Common Cross-Section Areas
Let $s = \text{top curve} - \text{bottom curve}$ (the length of the slice).
- Square: $A = s^2$
- Rectangle: $A = s \cdot \text{height}$ (Height usually given as a constant or function)
- Semicircle: $A = \frac{\pi}{8} s^2$ (Derived from $\frac{1}{2}\pi r^2$ where $r = s/2$)
- Equilateral Triangle: $A = \frac{\sqrt{3}}{4} s^2$
- Isosceles Right Triangle (Leg on base): $A = \frac{1}{2} s^2$
Volumes of Revolution
These solids are formed by taking a 2D region and rotating it around an axis (like the $x$-axis, $y$-axis, or lines like $y=2$).
1. The Disc Method
Used when the region being moved is flush against the axis of rotation (no gap).

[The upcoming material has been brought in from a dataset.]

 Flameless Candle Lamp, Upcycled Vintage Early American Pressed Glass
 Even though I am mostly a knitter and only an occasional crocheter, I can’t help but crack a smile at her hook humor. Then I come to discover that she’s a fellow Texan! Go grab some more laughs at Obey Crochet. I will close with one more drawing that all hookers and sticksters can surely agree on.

V = \pi \int_{a}^{b} [R(x)]^2 \, dx
- $R(x)$ is the distance from the axis of rotation to the outer edge of the curve.
2. The Washer Method
Used when there is a gap between the region and the axis of rotation (the solid has a hole).
V = \pi \int_{a}^{b} \left( [R(x)]^2 - [r(x)]^2 \right) \, dx
- $R(x) = $ Outer Radius (Distance from axis to far curve).

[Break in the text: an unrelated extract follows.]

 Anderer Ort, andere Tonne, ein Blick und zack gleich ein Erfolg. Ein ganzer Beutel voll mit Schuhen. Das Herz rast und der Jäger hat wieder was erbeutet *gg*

- $r(x) = $ Inner Radius (Distance from axis to near curve).
Crucial Note: It is Difference of Squares $(R^2 - r^2)$, NOT the Square of the Difference $(R-r)^2$.
Rotating Around Other Lines
If rotating around $y = k$ or $x = h$, the radii change:
- Rotation around $y = -2$: The radius is usually $(f(x) - (-2)) = f(x) + 2$.
- Rotation around $y = 5$: The radius is usually $(5 - f(x))$.
- Always draw a line from the axis of rotation to the curve to determine the length.
Arc Length (BC Topic)
This topic is specific to AP Calculus BC. It calculates the actual length of the curve $f(x)$ if you were to straighten it out.
The Formula
Calculated by integrating the hypotenuse of infinitely small triangles along the curve ($dl = \sqrt{dx^2 + dy^2}$).
For a function $y=f(x)$ on $[a, b]$:
L = \int_{a}^{b} \sqrt{1 + [f'(x)]^2} \, dx
For a function $x=g(y)$ on $[c, d]$:
L = \int_{c}^{d} \sqrt{1 + [g'(y)]^2} \, dy
Example Setup:
Find the length of $y = \ln(\sec x)$ from $x=0$ to $x=\pi/4$.
- Find derivative: $y' = \frac{1}{\sec x} \cdot \sec x \tan x = \tan x$.
- Plug into formula: $L = \int_0^{\pi/4} \sqrt{1 + \tan^2 x} \, dx$.
- Simplify using identity: $1 + \tan^2 x = \sec^2 x$.
- Integral becomes: $\int_0^{\pi/4} \sec x \, dx$.
Common Mistakes & Pitfalls
Confusing Total Distance and Displacement:
- Make sure: Check if the problem asks for "how far it is from the start" (Displacement, $\int v$) or "total distance traveled" (Distance, $\int |v|$).
The Washer Method Algebra Error:
- Wrong: $\pi \int (R - r)^2 dx$
- Right: $\pi \int (R^2 - r^2) dx$
- Why: You are subtracting one volume from another volume, which means subtracting two squared terms, not squaring the subtraction.
Forgetting $\pi$:
- When calculating Volumes of Revolution, students frequently forget to put the $\pi$ outside the integral.
Mismatched Variables:
- If revolving around the $y$-axis (or a vertical line $x=k$), effective limits and functions must usually be in terms of $y$ (unless using Shell Method, which is rarely required in standard BC curriculums now compared to Washer/Disc).
- Ensure your limits ($a$ to $b$) match the variable of integration ($dx$ uses $x$-values, $dy$ uses $y$-values).